I was sore at myself for having been seen standing about doing nothing. But I was sore at Dick also, unreasonably. I went back to my locker, got my gloves, and went to Number 5. I began filling the spoon, with the help of "Marty," the Wop. He glared at me, and interfered with my shovel twice when we went together to the dolomite pile. Marty had made enemies widely on the furnaces because of a loud mouth, and an officiousness that sat ridiculously on his stature and his ignorance of steel-making.
I was glad when the front-wall was done. I took the hook down, and went over to the fountain in back of Five, cooled my head, neck, and arms, and went over to Seven, without taking a swallow. I had decided to have only two drinks of water in the half-day.
Dick Reber saw me coming up and, I think in punishment for loafing, said: "Clean up under there. I want you to clean all that filth out, all of it, from behind that girder."
It was near the locker and under the flooring, in a sort of shelf, where lime, dolomite, dirt, old gloves, shoes, filth of all sorts had accumulated. I cleaned it out with a broom and a stick. It took me half an hour.
"All right," said the first-helper; "now get me ten thousand."
So I went off to the Bessemer, rather glad of the walk. I climbed the stairs to the pouring platform, and watched the recorder, who had left his book, operate the levers.
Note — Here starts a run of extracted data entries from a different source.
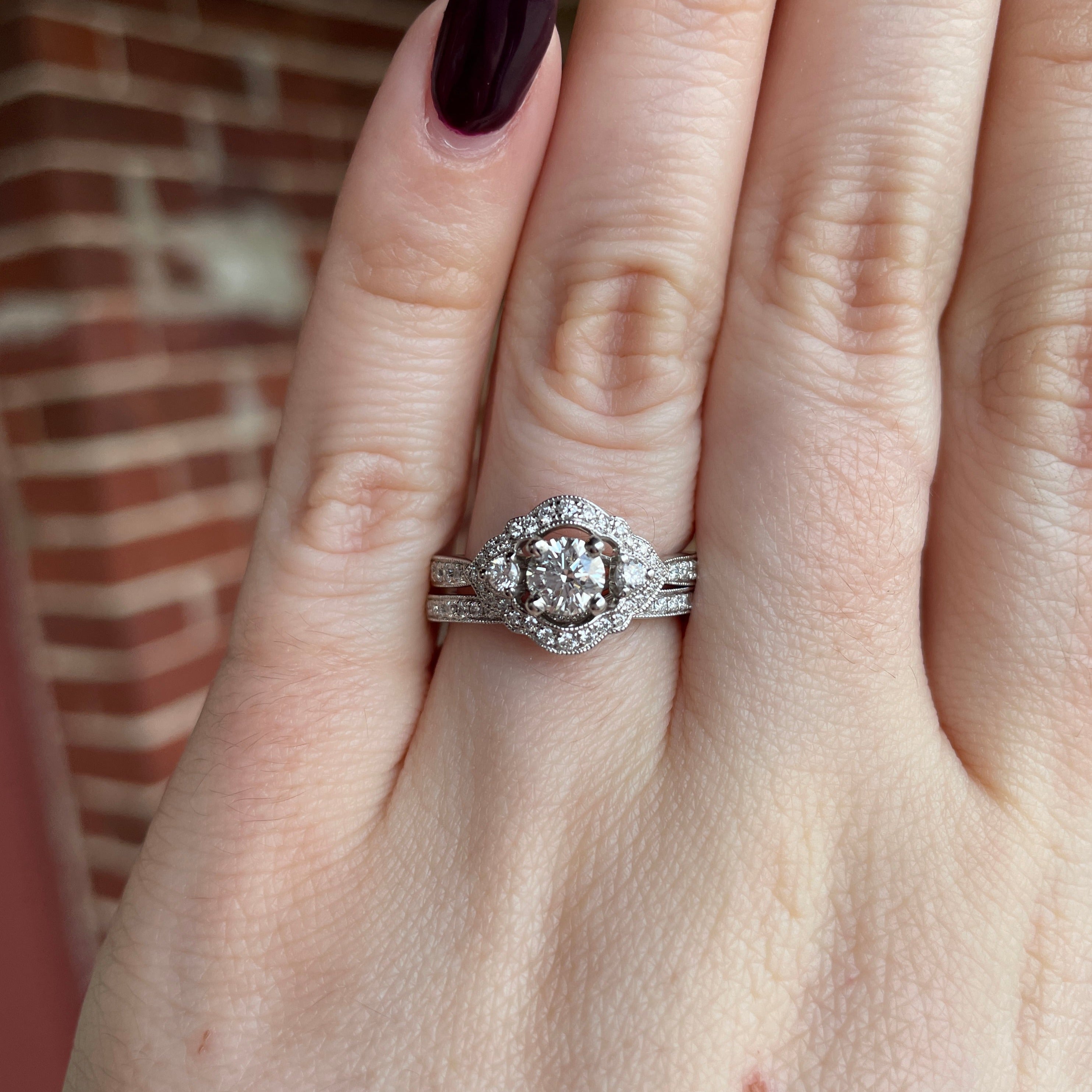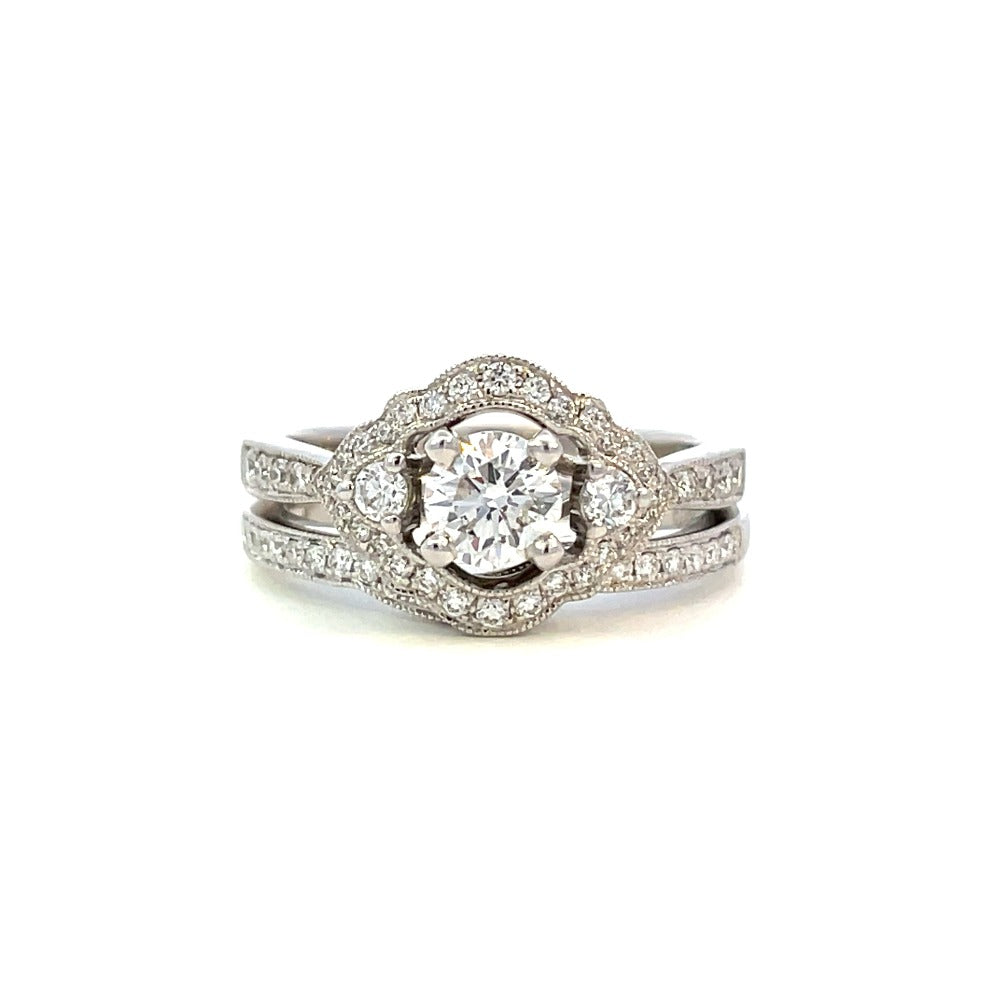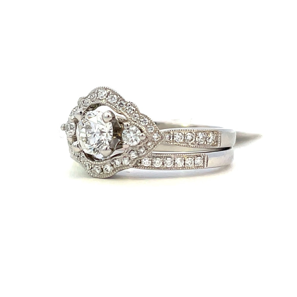 This 14K white gold three-stone wedding set features an antique-inspired halo and a contoured band with beaded edges. With a 1/2 carat center stone and a total weight of .96 carats, this ring set is the perfect blend of vintage charm and modern elegance.
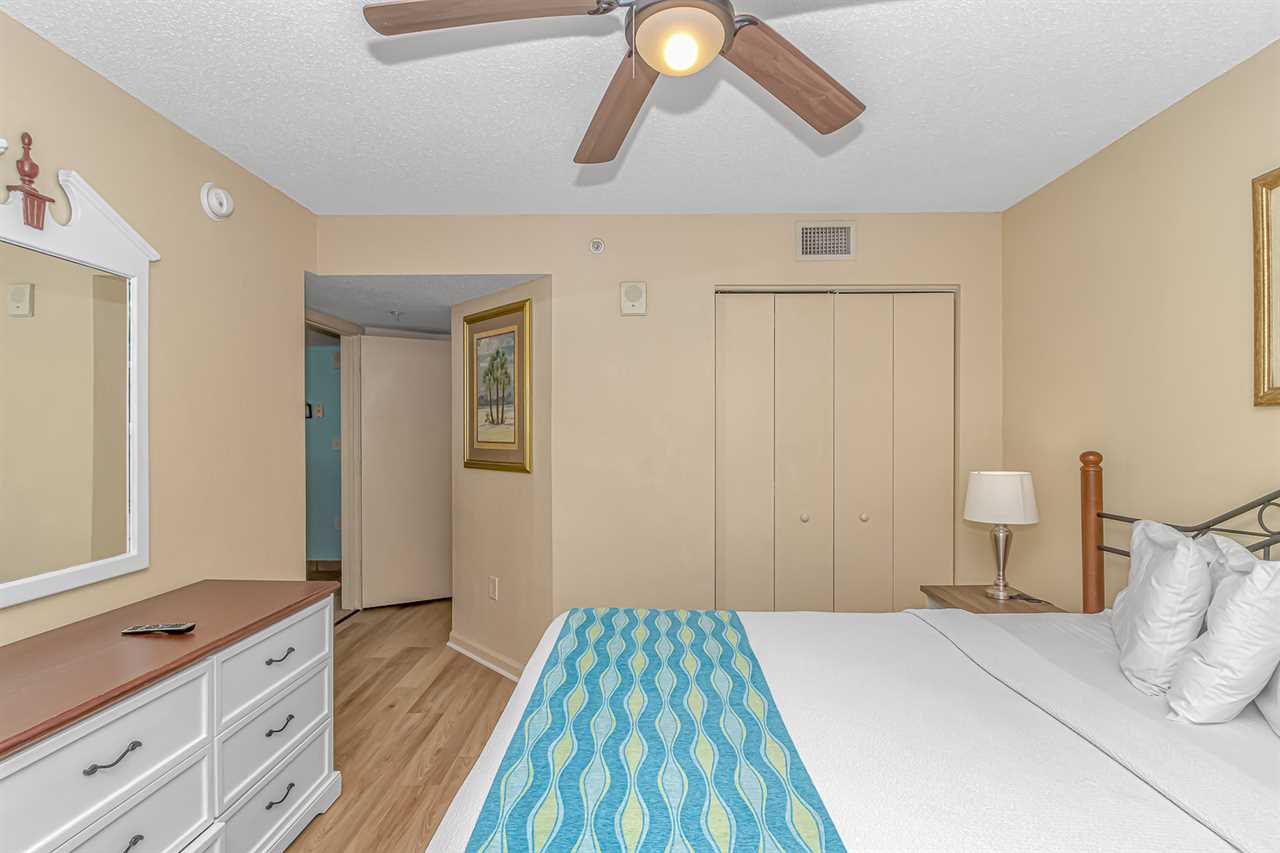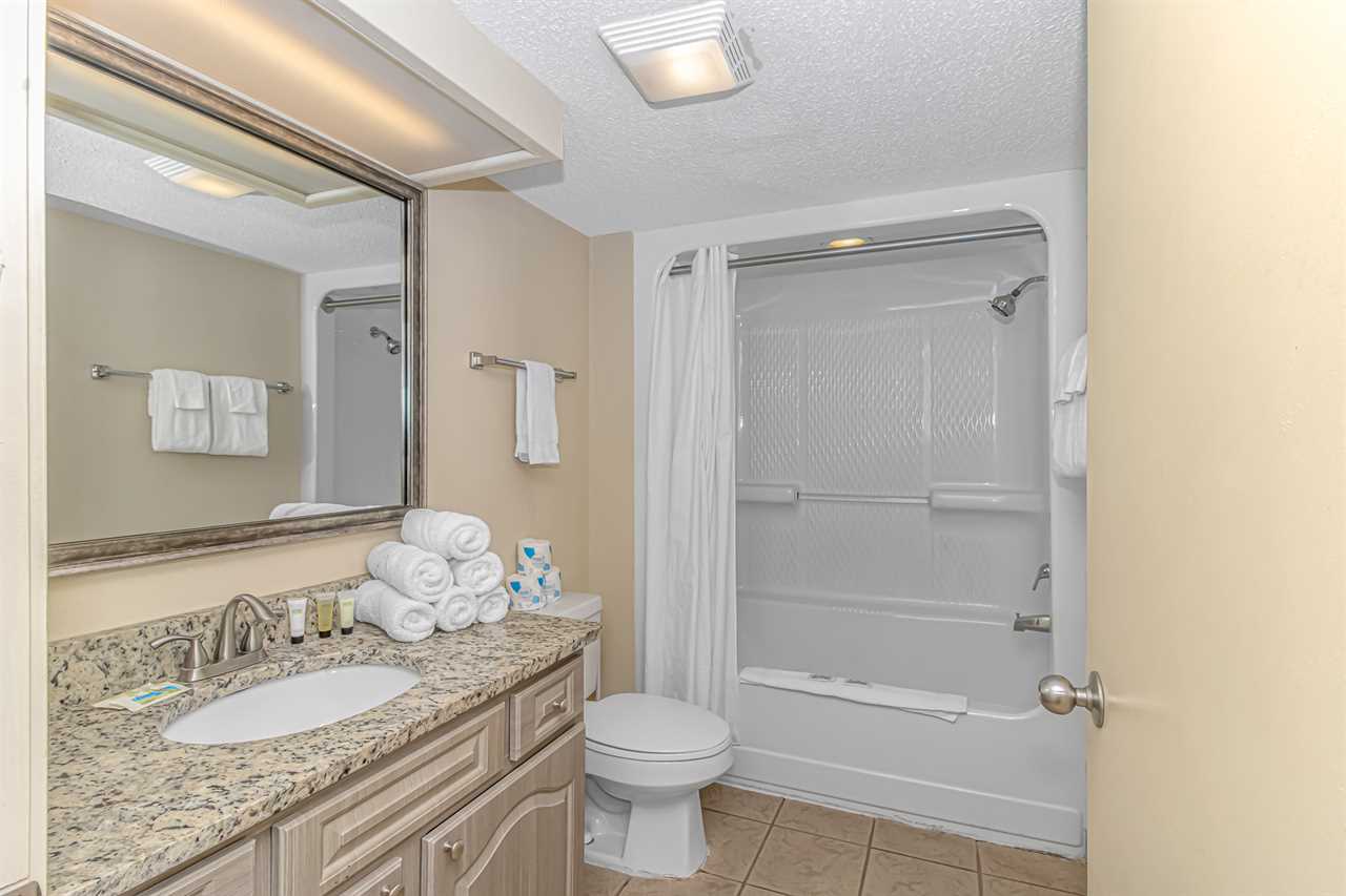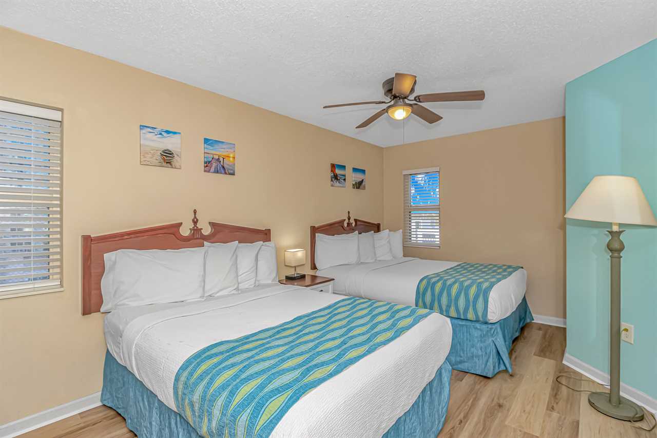 This unique layout offers ample living space for our guests. Other rentals at the resort are much smaller, but this layout features an open floor plan and doesn't feel cramped! The guest bedroom is the first bedroom on the right and features 1 full-size bed and 1 queen size and access to a private bathroom. Just down the hallway, the master bedroom offers 1 king bed and access to a full bathroom. This bedroom also includes access to the main oceanfront balcony, which is also accessible from the living room.
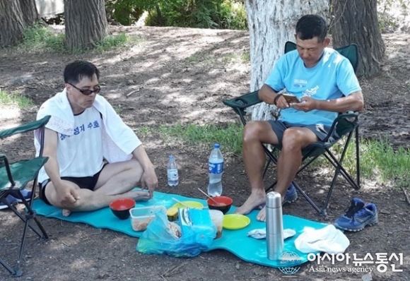 | 내 옆에서 내 발걸음의 무게를 덜어주려 달리고 있는 강석준 교무와 식사를 하고 있다.(사진=강명구) |
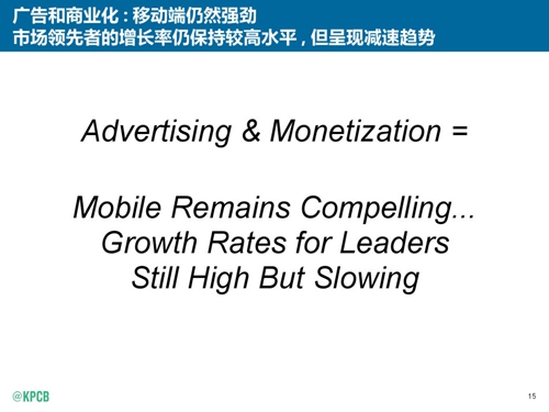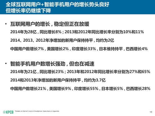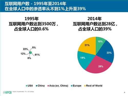 被譽為“互聯(lián)網(wǎng)女皇”的KPCB合伙人瑪麗·米克(Mary Meeker)今日發(fā)布了年度互聯(lián)網(wǎng)報告。這是米克連續(xù)第20年發(fā)布互聯(lián)網(wǎng)報告,報告涵蓋了廣泛的趨勢。以上為新浪科技制作的中文版報告。
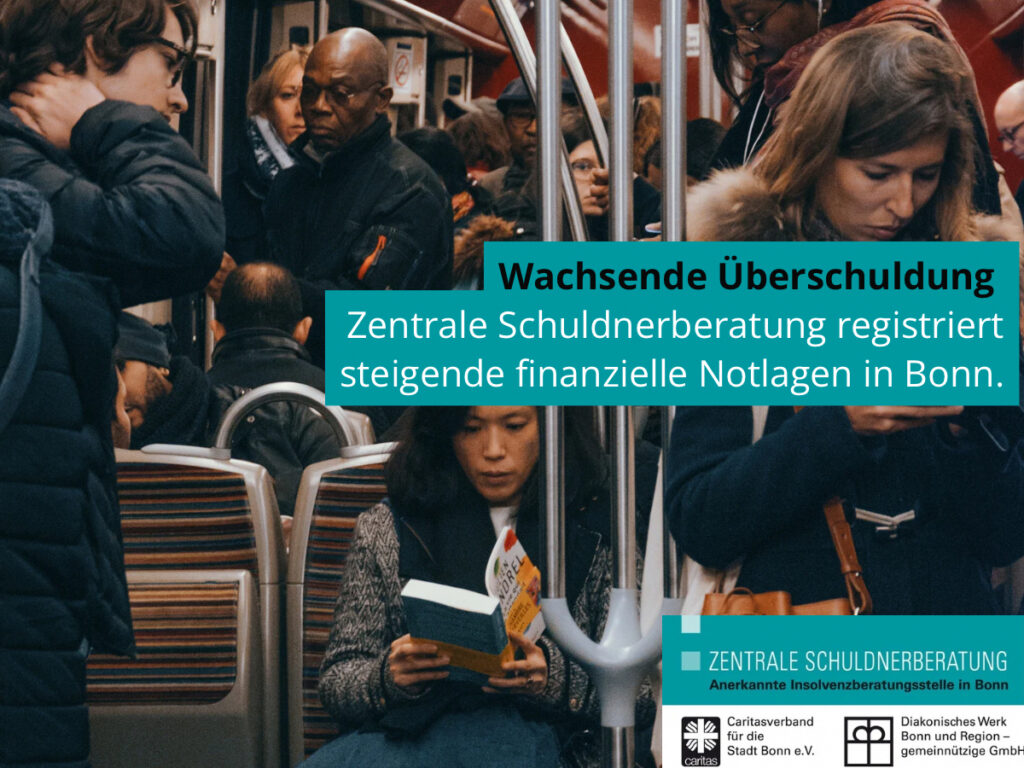 Wie aus dem Jahresbericht der Zentralen Schuldnerberatung von Diakonie und Caritas hervorgeht, stieg die Überschuldungsquote in der Bundesstadt im Jahr 2025 von 7,04 auf 7,23 Prozent. Das spiegelt die bundesweite Entwicklung wider. Was nüchtern nach Statistik klingt, wird im Alltag schnell greifbar: In einer voll besetzten Bonner Straßenbahn mit etwa 180 Fahrgästen stehen durchschnittlich rund 13 Menschen, die aktuell mit massiven finanziellen Problemen und der Angst vor einer Pfändung leben. Und in einer Schulklasse mit 35 Kindern kennen mindestens zwei die belastende Situation, dass ein Gerichtsvollzieher vor der Tür steht und ein Elternteil besucht.
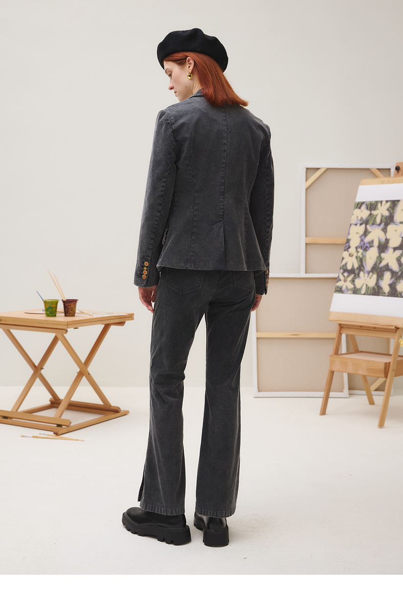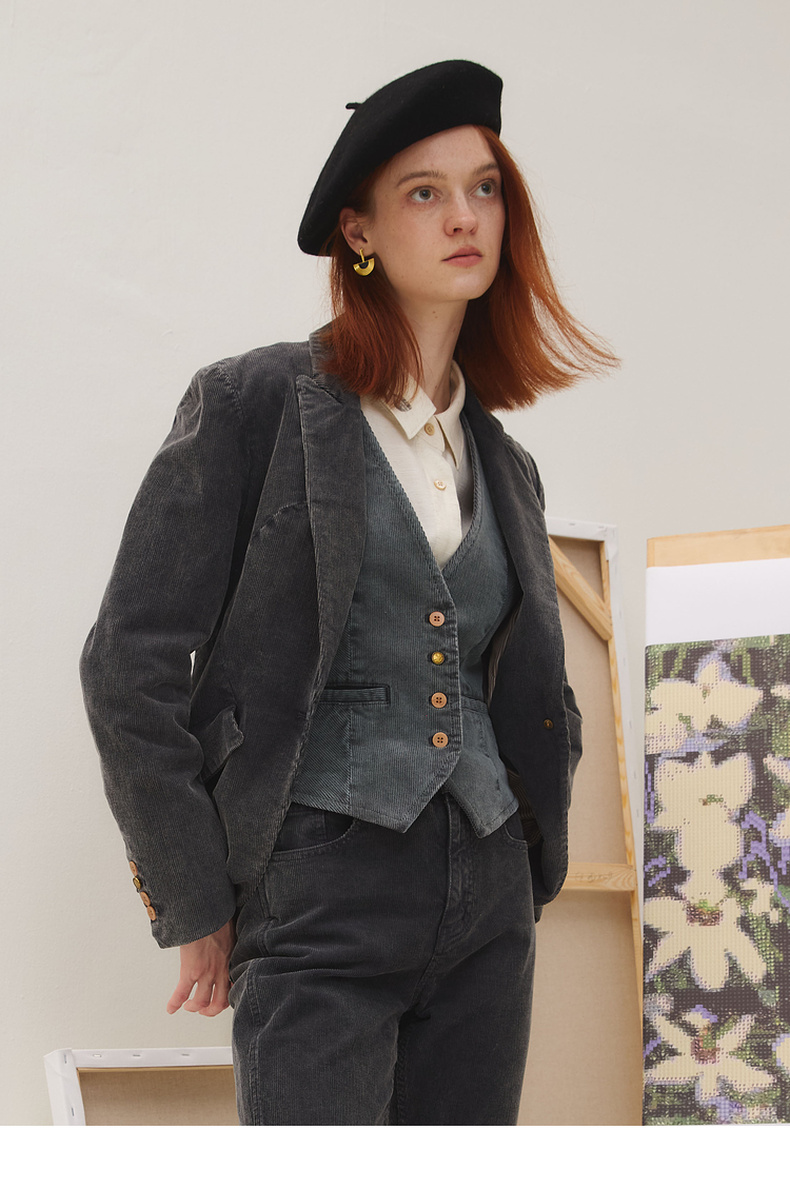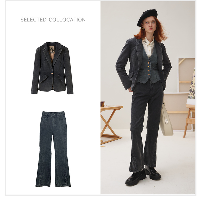 谜底西装外套长袖女2025秋季新品复古修身文艺牛仔西服253MW1232

The shifting engine backed a ladle under, and slowly the huge pig-iron mixer, bubbling and shooting out a tide of sparks, dipped and allowed about 20,000 pounds to drop into the ladle.
"Ten thou' for Seven," I said.
In another five minutes, the engine brought up a ladle for my ten thousand, and the boy dipped it out for me with the miraculous levers.
"All right," I said; and ran down the stairs fast enough to catch a ride back past the furnaces, on the step of the locomotive.
The second-helper grabbed the big hook which came down slowly on a chain from the crane, and stuck it into the bottom of the ladle. As the chain lifted, the ladle tipped, and poured the ten thousand pounds with a hiss. But the craneman was careless, which isn't usual. Fred kept saying, "Whoop, whoop!" but he went right on spilling for quite a spell before he recovered control.